Spark Word2Vec on Reddit Comments

This post is a continuation of NLP on Reddit in which Spark is used with CoreNLP to gather sentiment on organizations from the Reddit comment corpus. Although traditional natural language processing is a natural way to derive meaning from sentences, when using an algorithm such as Word2Vec it is not necessary to provide tagging, parsing or deeper information about English because the algorithm only considers the word contexts.

As the name sugests, Word2Vec is designed to convert words to a vector of numbers representing that word’s semantic meaning. This is to say, if the vectors of two words have a high cosine similarity those two words would be expected to be semantically similar. Semantically similar here means that one word has a high probability of being a possible drop in replacement of the other word within the corpus text. For example, in most texts run through Word2Vec, the vector for “boy” would have highest cosine similarity to the vector for “girl” because one could be a replacement for the other.

Another similar word to both might be “teenager”, whereas “boy” would also have high similarity to “man”, but not to “woman” and “girl” would have high similarity to “woman” but not to “man”. From this it is possible to form a manner of semantic arithmetic. The phrase “man” is to “king” as “woman” is to “queen” can be written as below.

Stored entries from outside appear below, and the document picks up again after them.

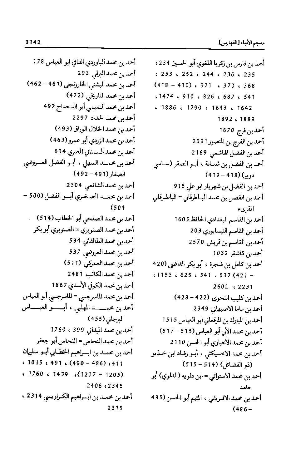 أحمد بن فارس بن زكريا اللغوي أبو الحسين 234، 235، 236، 244، 252، 253، 368، 370، 371، (410- 418) 541، 687، 826، 910، 1474، 1642، 1643، 1790، 1886، 1889، 1643، 1790، 1886، 1889، 1892
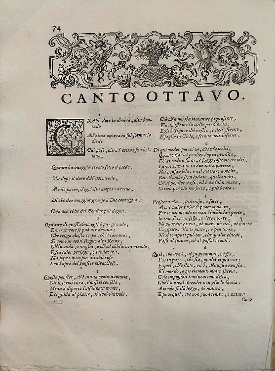 Abstract: Alla carta f4r: Catalogo de' libri stampati da Francesco Piacentini librajo in Venezia.Edizione veneziana di questo noto poema del Tansillo, il poeta venusino legato al Vicerè Pietro di Toledo, rimasto incompiuto al canto XV, e apparso per la prima volta nel 1585 a Vico Equense. Tommaso Costo nel 1606 lo ripubblicò e ne tentò la continuazione. In questa edizione veneziana, preceduta dal titolo Opere di Luigi Tansillo, sono aggiunti al termine, oltre al discorso del Costo, diversi Sonetti e canzoni.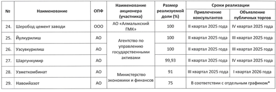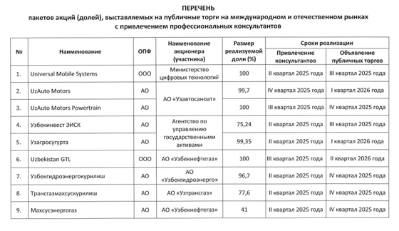 Президент Шавкат Мирзиёев подписал постановление, согласно которому 29 государственных предприятий будут выставлены на публичные торги с привлечением международных консультантов.

$V_{queen} - V_{woman} + V_{man} \approx V_{king}$

It is also possible to then cluster words by meaning by clustering their vectors using a method such as K-means. So given the words, “cat” “dog” “hamster” and “documents”, “documents” would be marked least similar. This method is applied to the movie reviews sentiment analysis Kaggle dataset in their Word2Vec NLP tutorial, which ultimately uses Gensim and K-means to cluster words and derive sentiment. This tutorial also explores Gensim further and provides some examples.

Spark offers its own implementation of Word2Vec which can be used with the ML pipeline, which will be a good match in applying to the Reddit comment corpus for January 2015. The source for this is available on github.

In order to produce these word vectors, Spark uses the Skip-Gram model. The variables $w_1, w_2, \dots, w_T$ represent the words in the corpus used and $k$ is the size of the training window, i.e. the context words to either side of the target word. The negative cost function is written below. The goal is to maximize the average log-probabilities of a word being used in its proper context of words.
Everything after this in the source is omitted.